According to the charges, Weiland told authorities that he made the initial report of gunfire or fireworks in the neighborhood that first brought the police to his apartment building.

Weiland eventually came out of his apartment and surrendered to the officers who had amassed in the apartment building.

Weiland told police he thought they were going to take his guns. Three rifles and a shotgun were recovered by law enforcement from his apartment.

The case was prosecuted by the state Attorney General's Office at the request of the Freeborn County Attorney's Office.

Since 2019, the Attorney General's Office has prosecuted more than three-dozen cases of serious violent crime in 22 counties and "has not lost a single one of these cases," the office said in a statement announcing Weiland's conviction. John Stiles, a spokesman for Attorney General Keith Ellison, added in response to a question that "10 of the 40 cases are still pending" a resolution.
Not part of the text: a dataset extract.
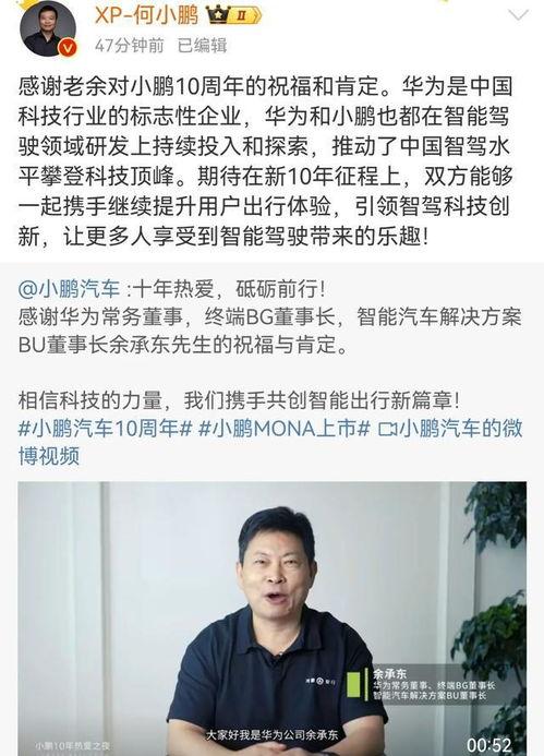 那天,小鹏汽车的官方账号突然发布了一条视频,内容竟然是公司创始人何小鹏与华为消费者业务CEO余承东的对话。这可真是让人意想不到,毕竟两位大佬的互动可是相当罕见呢!

Fifteen have resulted in guilty pleas, two investigations remain active, two were closed with no charges filed and one cannot be disclosed publicly because it involved a juvenile defendant, Stiles said.

"Weiland's attempted murder of a police officer and two innocent bystanders is reprehensible, and the jury's verdict was just and proper," read a statement from Ellison. "We rely on police to step into dangerous situations like this one was and try to resolve them as peacefully as possible, and they deserve our thanks for it."